October 25: Jeff Carter, who died on this day in 2010, is undoubtedly the champion photographer of the now mythical outback Australian, the self-sufficient, no-nonsense, tough, reliable…the ‘battlers’. His subjects were unknowns living a quite different life to those of their city cousins.



This prolific Australian writer, photographer and photojournalist whose business card for most of his career read “photographer to the poor and unknown”, started to take photographs at the age of seventeen.
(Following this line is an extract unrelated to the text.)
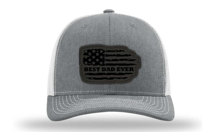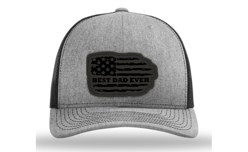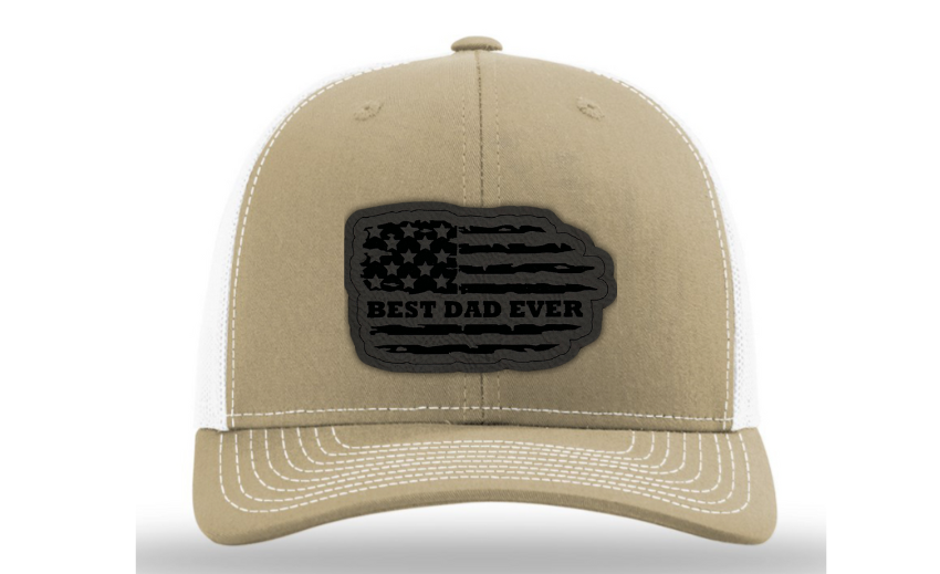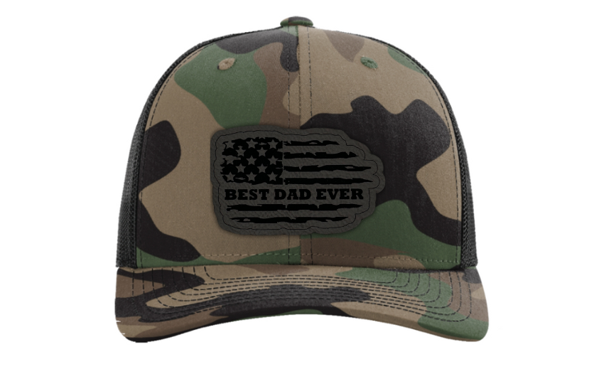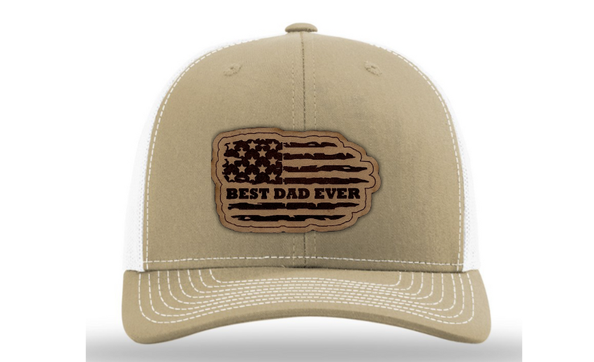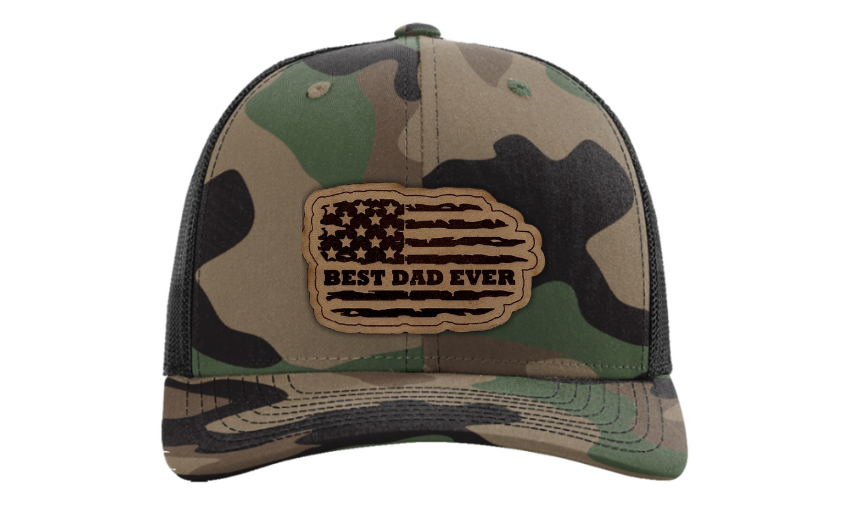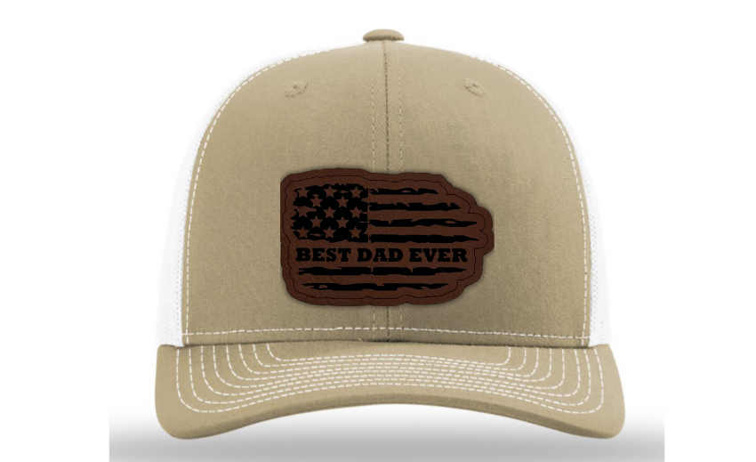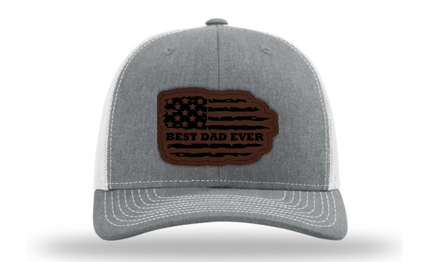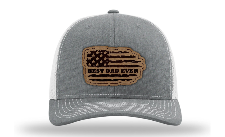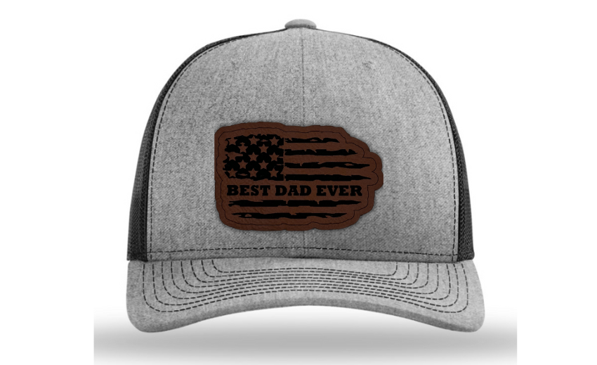 Crafted with premium materials, this hat is not just a fashion accessory but a heartfelt tribute to the best dads in the world. The laser engraved and cut patch, available in Genuine Leather, Rawhide Leatherette, and Grey Leatherette, features the timeless phrase "Best Dad Ever" set against the backdrop of a tattered American flag, symbolizing the enduring strength and resilience of fatherhood.

A ceaseless adventurer, he left school and home to set out, with typewriter and folding Kodak, across the continent, documenting the everyday lives of working people, creating an archive of over 50,000 images, a selection of which can be found online at the National Library of Australia.
He covered the loggers, charcoal burners, fruit pickers, farmers and pastoralists as he hitchhiked and traveled around Australia. He wrote and illustrated twenty books and produced the popular TV series Wild Country.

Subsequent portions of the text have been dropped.